There was a long final tone from his system console signaling the data run was complete. The Arion had verified his information as sound and downloaded it all right onto his laptop. He turned to his friend.

“Wake up, Robert!” he called. “Kelly is waiting for us, and we have little time to spare.”

Nordhausen struggled to rouse himself, and Paul was going to tell him what he had just seen, then thought on it and decided to keep the matter to himself for the moment. There was too much work ahead of them and too little time. He wanted to think about it before he shared it with anyone else. So he urged the professor along and they gathered their things and hurried away, stumbling a bit in the dark and quiet. The cold air outside shocked them both awake as the rushed up the street to Paul’s Honda.

“What time is it?”

“Just after one in the morning.”

“Four hours? Why did it take so damn long?”

“Never mind.”

He put the key in the ignition and was dismayed when the engine did not immediately turn over. “Oh no,” he said. “Another Pushpoint! It’s been doing that from time to time. Come on baby, you can’t do this now!”

The thought that his whole operation would be foiled by a faulty starter in his Honda would have been fitting justice given his theory that the really great events are all triggered, or prevented, by small and insignificant moments, happenstance, trivial occurrences all hiding in polarity with the momentous turning points of history.

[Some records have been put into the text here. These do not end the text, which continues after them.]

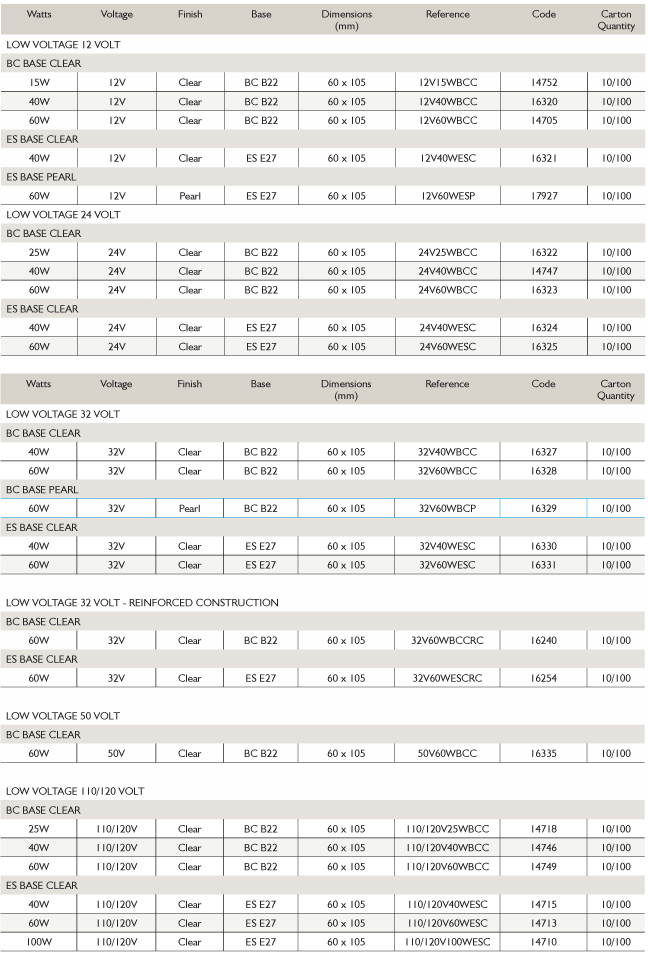 A incandescent low voltage general service GLS lamp, These lamps are used for variety of decorative applications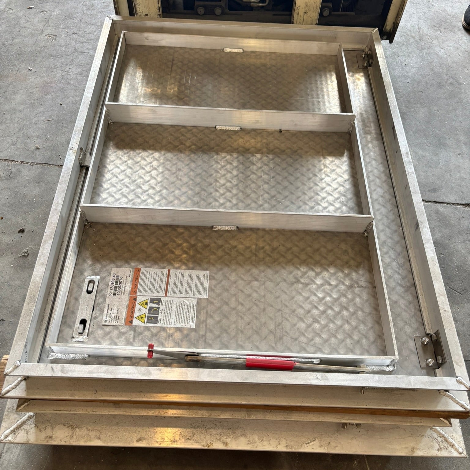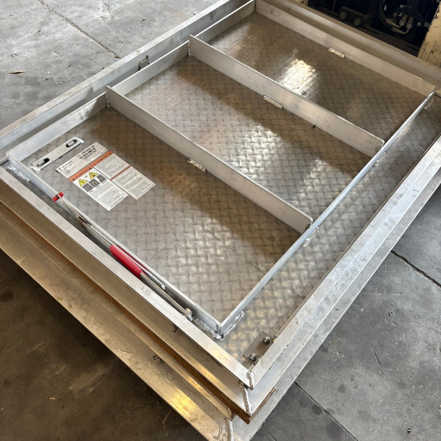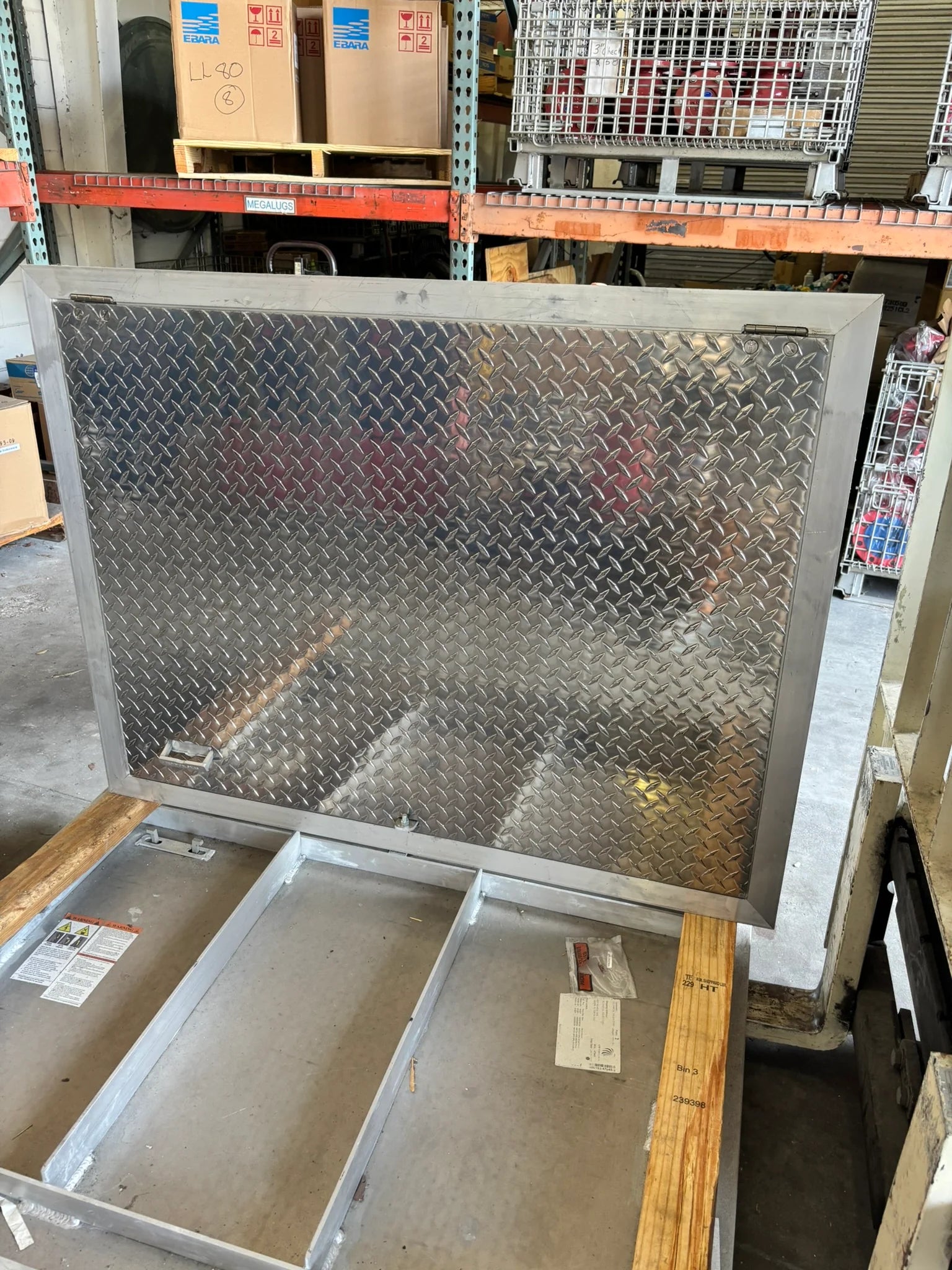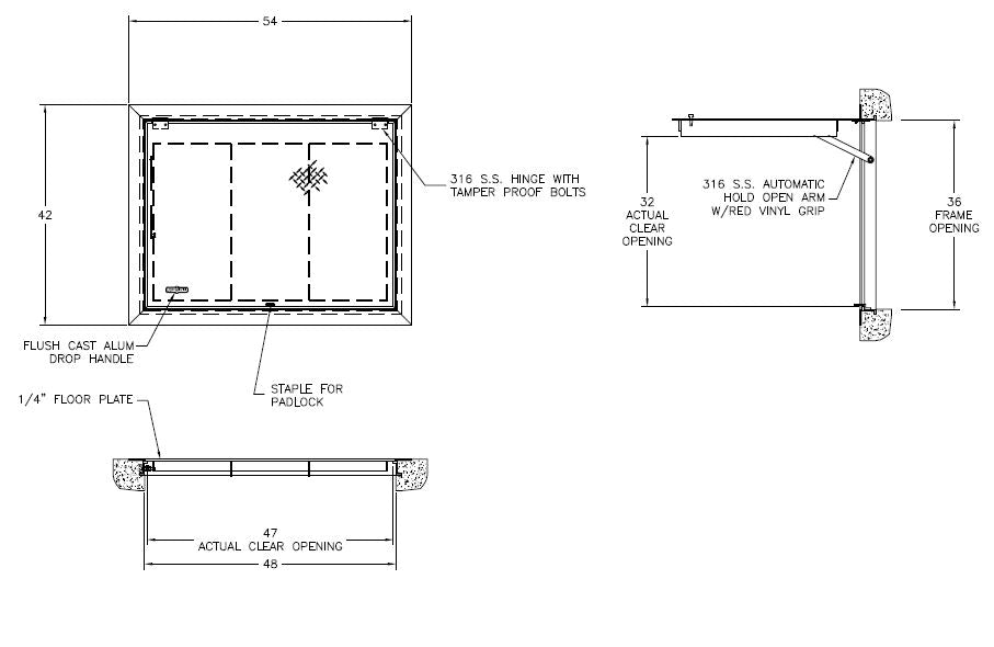 Integral Door:1/4-inch (6.4mm) aluminum diamond plate cover reinforced for 300 psf (1462 kg/m2) live load. Equipped with cast aluminum flush lifting handle and 316 stainless steel hold-open arm with red vinyl grip that automatically keeps the cover in its open/upright position.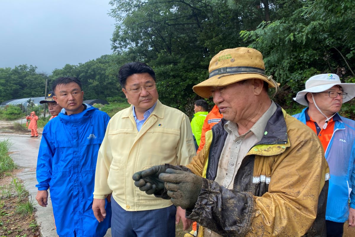 엄태준 이천시장은 2일 쏟아진 폭우로 붕괴된, 율면 산양저수지를 찾아 피해 현황을 살피고 주민들을 위로했다.
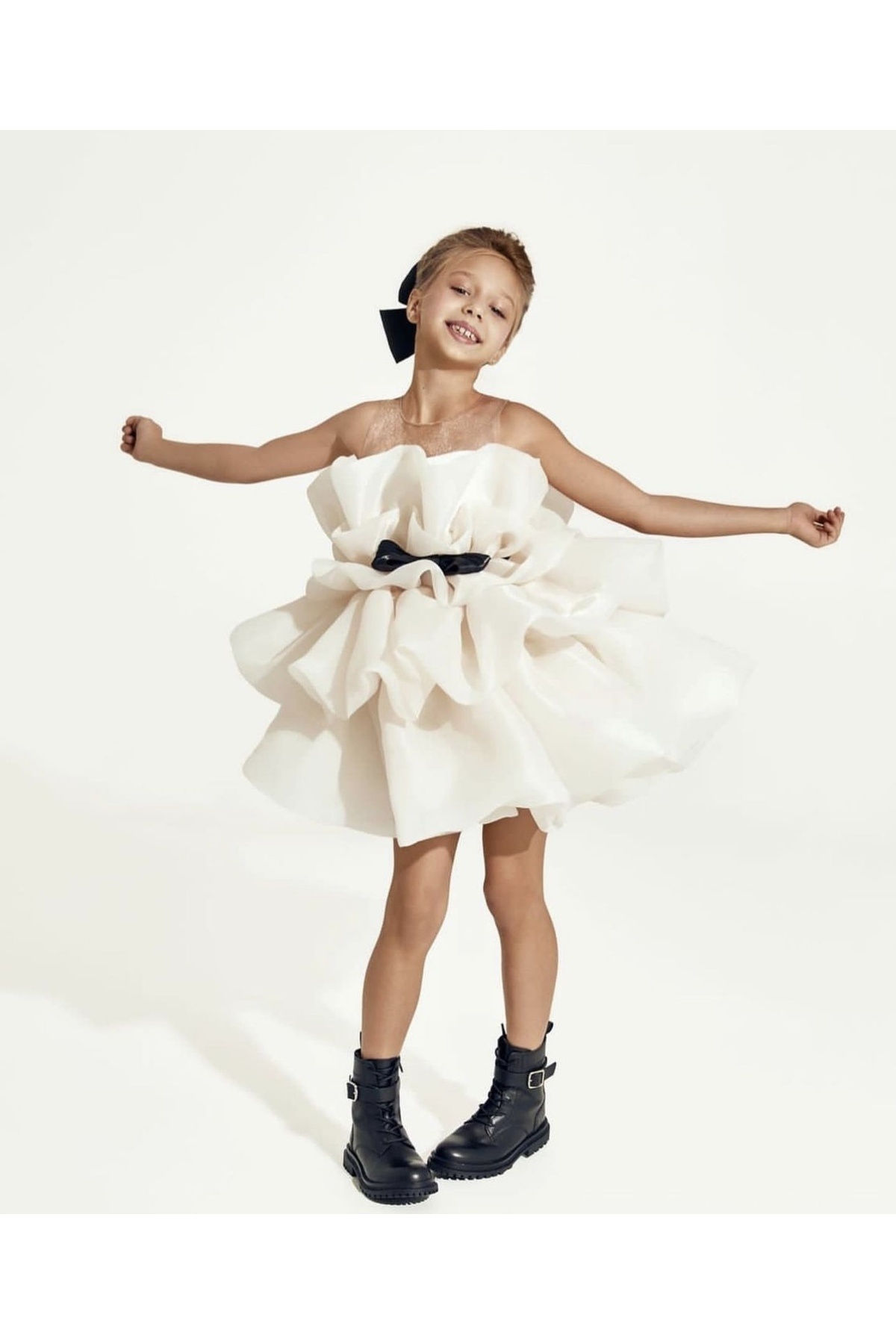Kız Çocuk Ekru Renk Tek Omuz Gül Detaylı Elbise Kız Çocuk Ekru Renk Tek Omuz Gül Detaylı Elbise GG7402 13-14 Yaş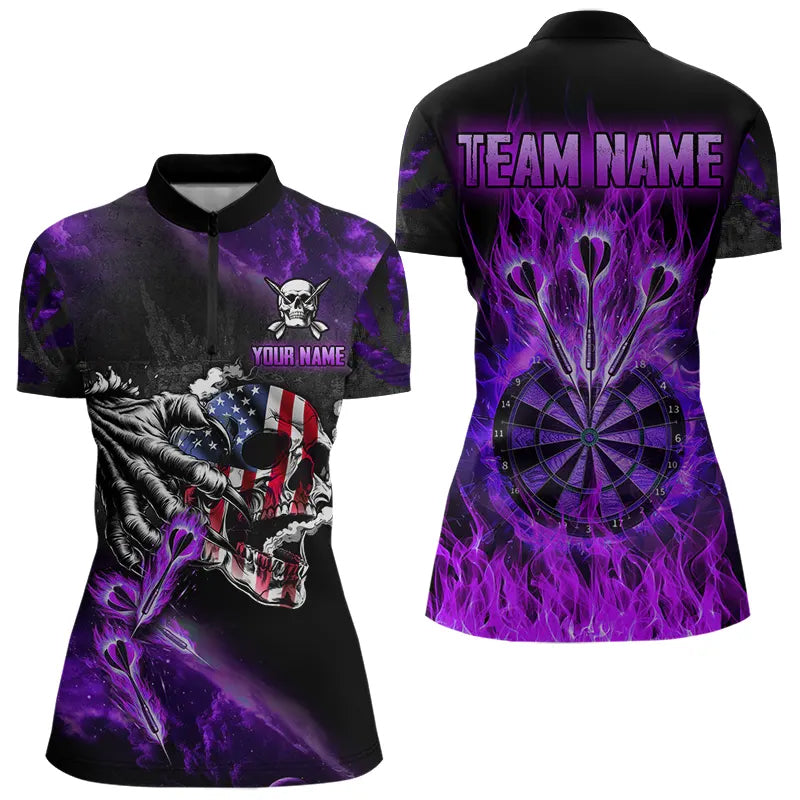 Fire Flame Darts Board American Flag Skull Dart Shirts For Women Custom Darts Team Jerseys |Purple TDM2982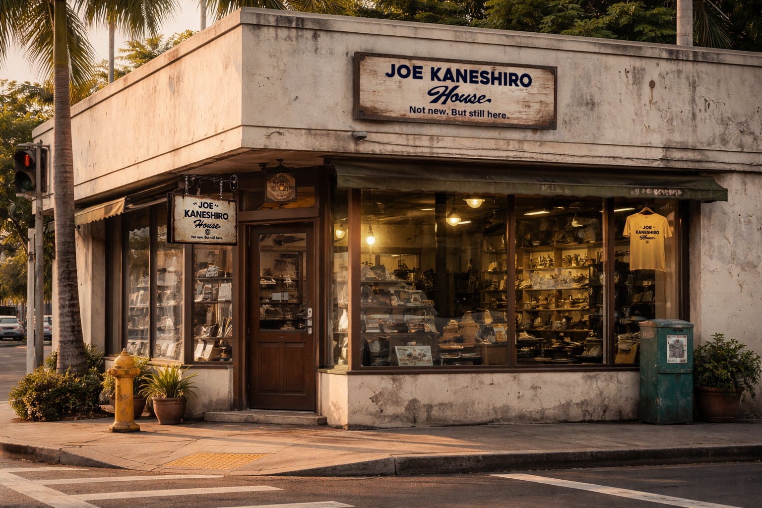 観光客の足が自然と止まるあたりから、少し外れた通りの交差点に、その店はある。通りの向こうには海が少しだけ見え、午後の光を受けた水面が細かくきらきらと輝いていた。波の音は遠く、風が潮の匂いを静かに運んでくる。ヤシの影が、道端のアスファルトをゆっくりとなぞっていく。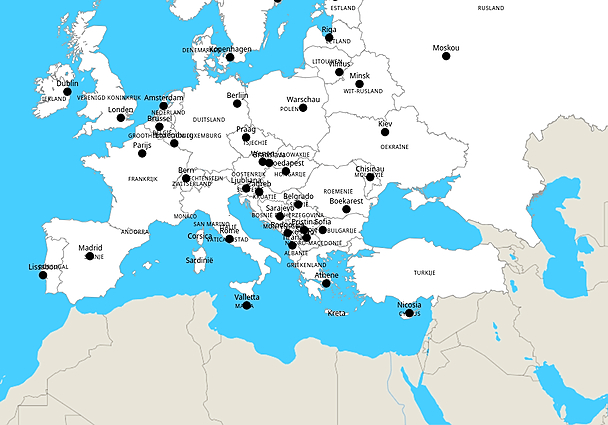 Topografie Europa landen en hoofdsteden

He turned the key again, and this time the engine fired up and started normally. Nordhausen breathed a heavy sigh of relief but, even as he did so, they perceived a slight jolt. He looked at Paul.

“Is that the car?”

“You felt it too? I thought it was an earth tremor or something. Well, it’s no more than a three pointer. Let’s get moving!”

He put the Civic in gear and was pulling away when they both heard a cell phone ringing, muffled, yet near enough. Paul looked at Nordhausen.

“That yours?”

“I didn’t bring my cell phone with me,” the professor confessed. “Must be yours.”

“Damnit,” said Paul. “It’s in my briefcase in the trunk! Who’d be calling at this hour anyway? In any case, we’ve got to get this data to the lab as quickly as possible. That’s all we have to worry about now.”

The ringing stopped he pulled away making a quick left onto Golden Gate Avenue. A moment later they heard the phone ring again.

“Don’t worry about it,” said Robert. “Just get us to the lab in one piece.”

Nordhausen was worried about considerably more. They both were, though Paul hid his anxiety with constant energy and determination. But the professor had an odd sense of foreboding, and his stomach felt very unsettled as they raced back across the city to the Bay Bridge. An hour later they were safely back at the Arch complex at Lawrence Berkeley Labs. The system was up and running and Paul was riveted on the monitors, trying to watch everything at one time. The Golem module was winking out a red warning light, but he had no time to deal with it for the moment. They were going after Kelly and the retraction scheme was almost ready for full operation.

The main problem had been power. The first thing Paul did when they got back to the lab was fire up the quantum fuel matrix and feed in the energy required to create the singularity and the strange quantum threads that would spin off from it to fuel the Time shifts. That alone took enormous power resources, and it wasn’t long before the power company was on the phone about it.

Paul fended them off, saying he had a vital experiment underway for the next hour, and arguing that he had waited until this late hour to conduct his test, when the burden on the grid was minimal.